***** Given records

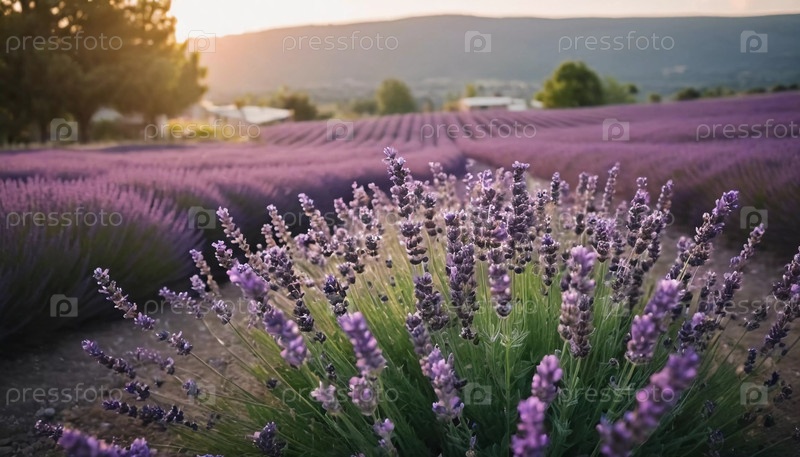 Яркие цветы лаванды мягко колеблются в летнем ветре, заполняя теплый вечерний воздух опьяняющим ароматом, когда солнце садится за отдаленными холмами
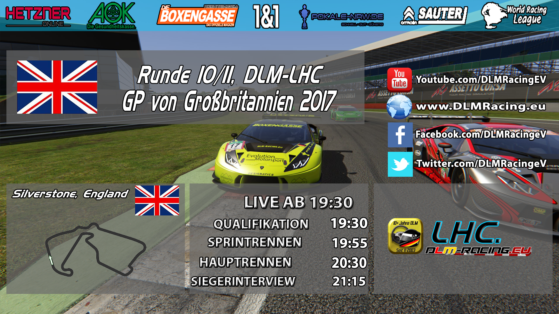 | #19] Mittwoch, 06. Dezember 2017 TWC-DLM Saison 2017HW 18. Ungarn - Budapest Sprintrennen [Q, SR, HR, Interw.] 02:56:39 Stunden |  | #18] Mittwoch, 22. November 2017 TWC-DLM Saison 2017HW 16. Großbritannien - Brands Hatch Sprintrennen 02:27:30 Stunden |  | #17] Mittwoch, 08. November 2017 TWC-DLM Saison 2017HW 14. Rheinland-Pfalz - Nürburg Sprintrennen [Q, SR, HR, Interw.] 02:31:24 Stunden |  | #16] Mittwoch, 25. Oktober 2017 TWC-DLM Saison 2017HW 12. Belgien - Zolder Sprintrennen [Q, SR, HR, Interw.] 02:21:36 Stunden |  | #15] Mittwoch, 11. Oktober 2017 TWC-DLM Saison 2017HW 09. Österreich - Spielberg Sprintrennen [Q, SR, HR, Interw.] 02:37:59 Stunden |  | #14] Mittwoch, 27. September 2017 TWC-DLM Saison 2017HW 07. Italien - Monza Sprintrennen [Q, SR, HR, Interw.] 02:36:41 Stunden |  | #13] Mittwoch, 13. September 2017 TWC-DLM Saison 2017HW 05. Brandenburg - Klettwitz Sprintrennen [Q, SR, HR, Interw.] 02:22:56 Stunden |  | #12] Mittwoch, 30. August 2017 TWC-DLM Saison 2017HW 04. Sachsen-Anhalt - Oschersleben Sprintrennen [Q, SR, HR, Interw.] 02:26:07 Stunden |  | #11] Mittwoch, 16. August 2017 TWC-DLM Saison 2017HW 01. Baden-Württemberg - Hockenheim Sprintrennen [Q, SR, HR, Interw.] 02:29:43 Stunden |  | #10] Samstag, 22. Juli 2017 DLM-Events 2017 - SRB Indy500 SRB Indy500 Rennen [Quali, Rennen, Interview] 04:16:39 Stunden |  | #9] Mittwoch, 07. Juni 2017 DLM-LHC Saison 2017FS 16. Steiermark - Spielberg Hauptrennen [Q, SR, HR, Interw.] 02:45:01 Stunden |  | #8] Mittwoch, 24. Mai 2017 DLM-LHC Saison 2017FS 15. San Marino - Imola Hauptrennen [HR & Siegerinterview] 01:24:11 Stunden |  | #7] Mittwoch, 24. Mai 2017 DLM-LHC Saison 2017FS 14. San Marino - Imola Sprintrennen [Q & SR] 00:59:06 Stunden |  | #6] Mittwoch, 10. Mai 2017 DLM-LHC Saison 2017FS 12. Tschechien - Brno Hauptrennen [Q, SR, HR, Interw.] 02:19:46 Stunden |  | #5] Mittwoch, 10. Mai 2017 DLM-LHC Saison 2017FS 13. Tschechien - Brno Hauptrennen 02:19:46 Stunden |  | #4] Mittwoch, 26. April 2017 DLM-LHC Saison 2017FS 11. Großbritannien - Silverstone Siegerinterview 00:15:58 Stunden |  | #3] Mittwoch, 26. April 2017 DLM-LHC Saison 2017FS 11. Großbritannien - Silverstone Hauptrennen 01:00:05 Stunden |  | #2] Mittwoch, 26. April 2017 DLM-LHC Saison 2017FS 10. Großbritannien - Silverstone Sprintrennen 00:28:45 Stunden |  | #1] Mittwoch, 26. April 2017 DLM-LHC Saison 2017FS 10. Großbritannien - Silverstone Qualifikation 00:32:45 Stunden |
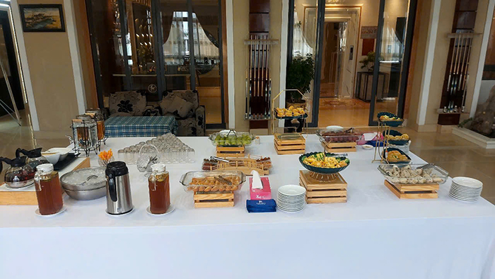 Không gian rộng, bàn ghế sang trọng, kèm thao các dịch vụ: càphê, đồ ăn nhẹ, nước uống, hoa tươi.... Khách hàng có yêu cầu đặt trước, nhân viên khách sạn sẽ chuẩn bị đầy đủ theo yêu cầu một cách nhanh chóng...
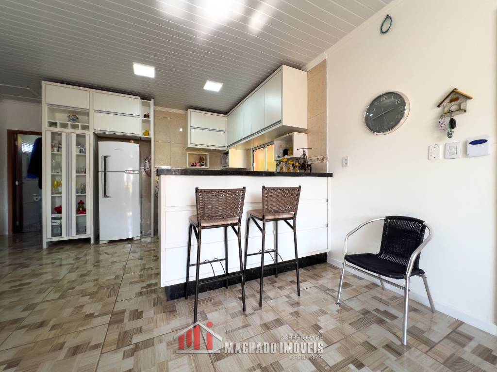 Casa 3 dormitórios sendo 01 suíte, banheiro social, cozinha americana, área de serviço, churrasqueira + fogão campeiro, 190m² construídos, 2 vagas de garagem, pátio na frente e nos fundos, terreno 12 x 25 metros, piscina. Anexo nos fundos: 3 peças (quarto, cozinha, banheiro).
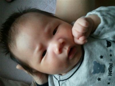 眉毛に力入ったこの表情、相変わらず笑える。かわいーねープーちゃんな孫ちゃん
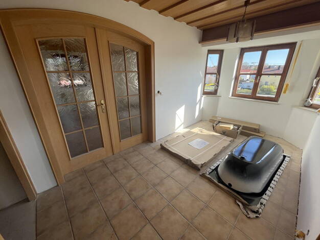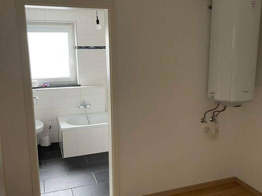 Erstbezug nach Kernsanierung; 2 Zimmer, Wohn-Essküche; Terrasse, eigener Gartenanteil + Garage und Keller Aktuell Endphase der Sanierung; Grundrisse können per Mail zugestellt werden Bilder werden noch aktualisiert KFW 40, Wärmepumpe, Videosprechanlage, ebenerdige Dusche Fußbodenheizung, elektrische Rollos, Garage Vorbereitung Wallbox
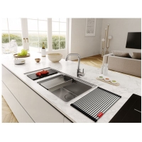 Franke Mythos MYX 211 sisseehitatud kraanikauss, lame velg, harjatud roostevaba teras, kraanikauss paremal
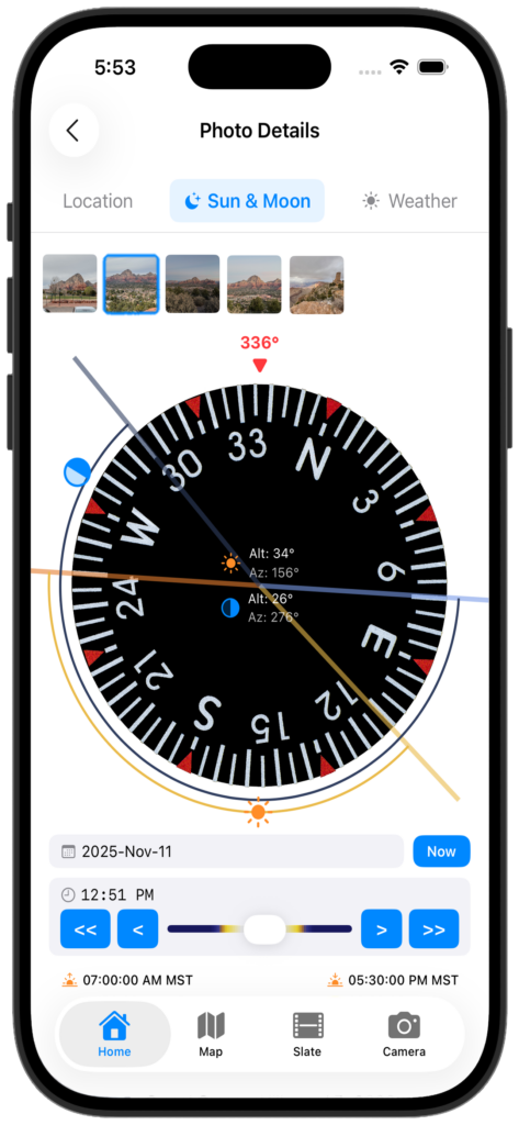 - Ephemeris & Sun/Moon Data โ Know exactly where the sun and moon will be at any saved location, at any time. Plan the shot before you’re there.
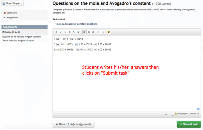 Each student finds the relevant webpage or resource with the questions, reads the instructions, writes his/her answers and then clicks on "Submit task".
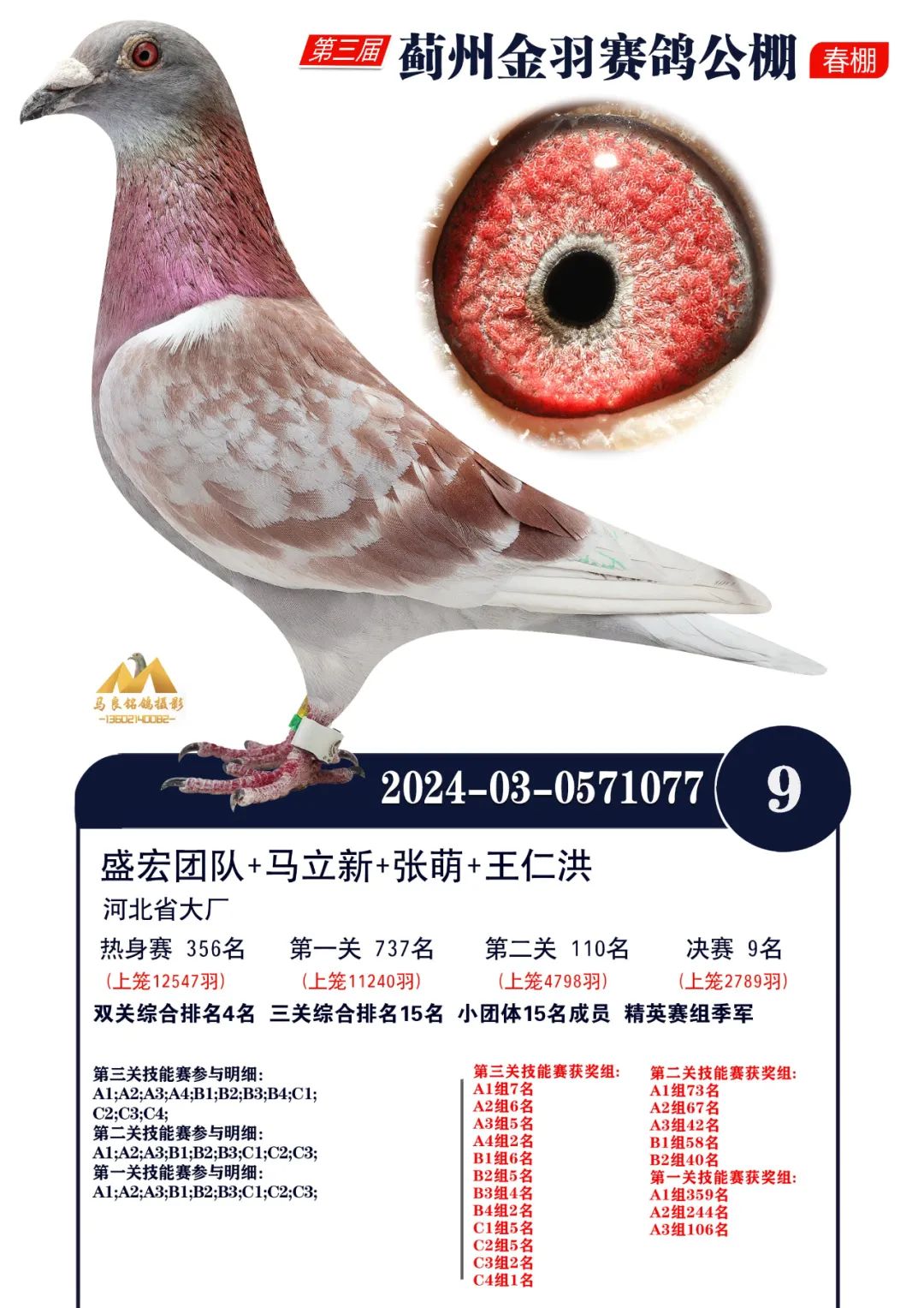 决赛9名,同时也是双关鸽王4名。这羽绛鸽来自盛宏团队+马立新+张萌+王仁宏的2024-03-0571077。热身赛356名、首关737名、二关110名、决赛9名。越是难飞的天气,这羽赛鸽越是找到了自己的能力,成功飞进高位,也为主人赢得了多项大奖。
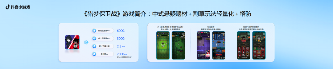 同时,易磊也分享到,题材是一方面,直播内容也是促进抖音小游戏快速增长的重要一环。如《猎梦保卫战》在直播场景中跑出了稳定规模,最高直播间ACU超过6000,累计开播人数23000+,累计收入2000万+。
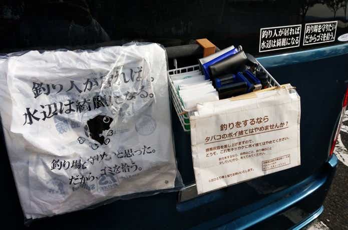 その隣には、「釣り人が居れば水辺は綺麗になる」とプリントされたポリ袋の束も見受けられます。
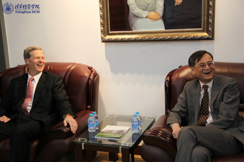 Before the speech, Dean QIAN Yingyi and Associate Dean LIAO Li of the School held a discussion with the delegation.
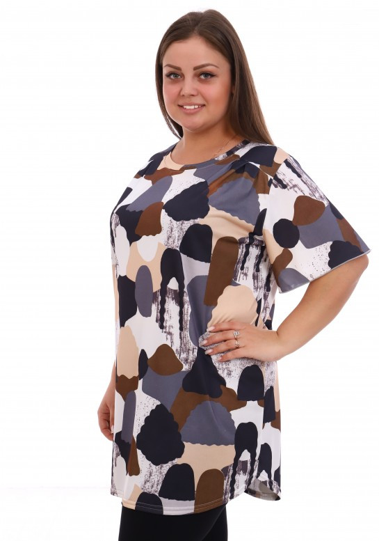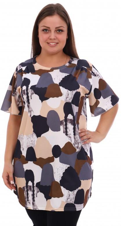 От туники я в восторге, нигде не обтягивает. Специально брала размер побольше свободная как сейчас модно оверсайз. Длинна нормальная все прикрывает. На лето вообще прекрасно.
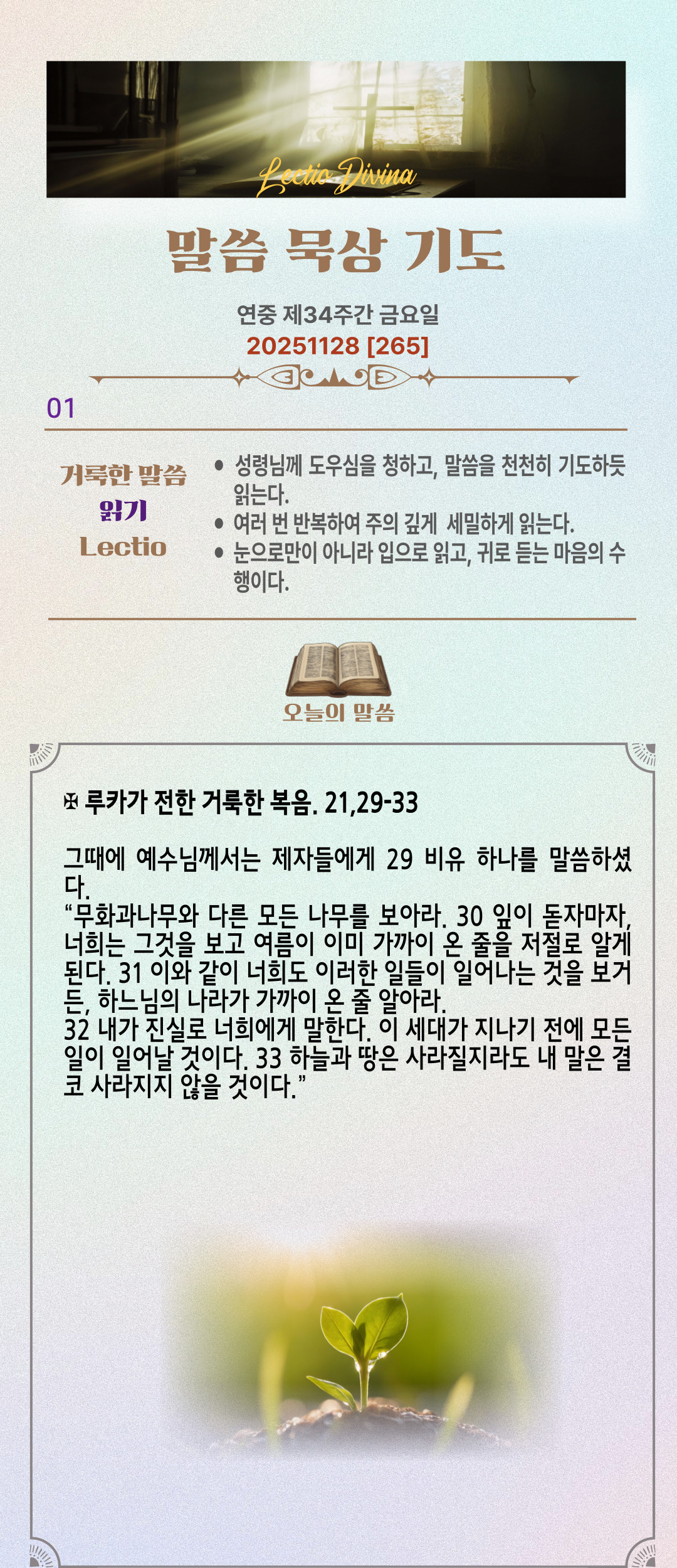 말씀묵상기도 LECTIO DIVINA [265] 20251128 연중 제34주간 금요일

**********

Look through the material above. Transcribe exactly the lines between the ones with "Franke Mythos MYX" and "- Ephemeris &", inclusive, and keep pictures out.

 Franke Mythos MYX 211 sisseehitatud kraanikauss, lame velg, harjatud roostevaba teras, kraanikauss paremal
 - Ephemeris & Sun/Moon Data โ Know exactly where the sun and moon will be at any saved location, at any time. Plan the shot before you’re there.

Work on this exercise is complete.